集合$A$のある要素$a$を同じ要素$a$に対応させる写像${\rm id}_A : A \to A, a \mapsto a$のことを$A$の恒等写像 (identity map)という.
$f: X \to Y$が全単射のとき,すべての$x \in X$に対し,$(f^{-1} \circ f) (x) =x$が成り立ち,すべての$y \in Y$に対し,$(f \circ f^{-1}) (y)=y$が成り立つ.つまり,$f^{-1} \circ f={\rm id}_{X}$かつ$f \circ f^{-1}={\rm id}_Y$である.逆写像を正確に定義すると,
写像$f : X \to Y$に対し,写像$g : Y \to X$で$g \circ f ={\rm id}_X$かつ$f \circ g={\rm id}_Y$となるものを$f$の逆写像と呼び,$f^{-1}$と書く.
実は写像$f$が全単射になることと,$f$が逆写像を持つことは同値である.
命題 11.1
写像$f:X \to Y$が全単射であることと,$g \circ f ={\rm id}_X$かつ$f \circ g={\rm id}_Y$を満たす写像$g: Y \to X$が存在することは同値である.特に$f$が全単射ならば$f^{-1}$も全単射であり,$(f^{-1})^{-1}=f$となる.
証明
$\Rightarrow$の証明は上の説明通りである.$\Leftarrow$を示すために$g \circ f ={\rm id}_X$かつ$f \circ g={\rm id}_Y$を満たす写像$g: Y \to X$が存在したと仮定する.
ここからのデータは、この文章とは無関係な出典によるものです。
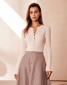 De Wavy Edge Knit Top combineert een tijdloos silhouet met speelse details. De golvende V-halslijn en de licht uitlopende mouwen geven deze aansluitende top een unieke en vrouwelijke uitstraling. Het zachte ribmateriaal zorgt voor een comfortabele pasvorm en maakt het tot een veelzijdig kledingstuk voor elke gelegenheid.
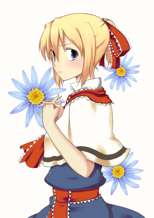 1girlalternate hairstyleblonde hairblue eyesfemale focusflowerplantponytailshort hairsolostandingwhite background

(全射性)任意の要素$y \in Y$をとる.$f \circ g ={\rm id}_Y$より,$(f \circ g)(y)=f(g(y))=y$である.よって$f(x)=y$を満たす$x \in X$として$g(y) \in X$が見つかり,$f$は全射となる.

(単射性)$f(x_1)=f(x_2)$を満たす$x_1,x_2 \in X$を任意にとる.$g \circ f={\rm id}_X$より,\[x_1=(g \circ f)(x_1)=g(f(x_1))=g(f(x_2))=(g \circ f)(x_2)=x_2\]となり,$f$は単射となる.

以上より$f$は全単射である.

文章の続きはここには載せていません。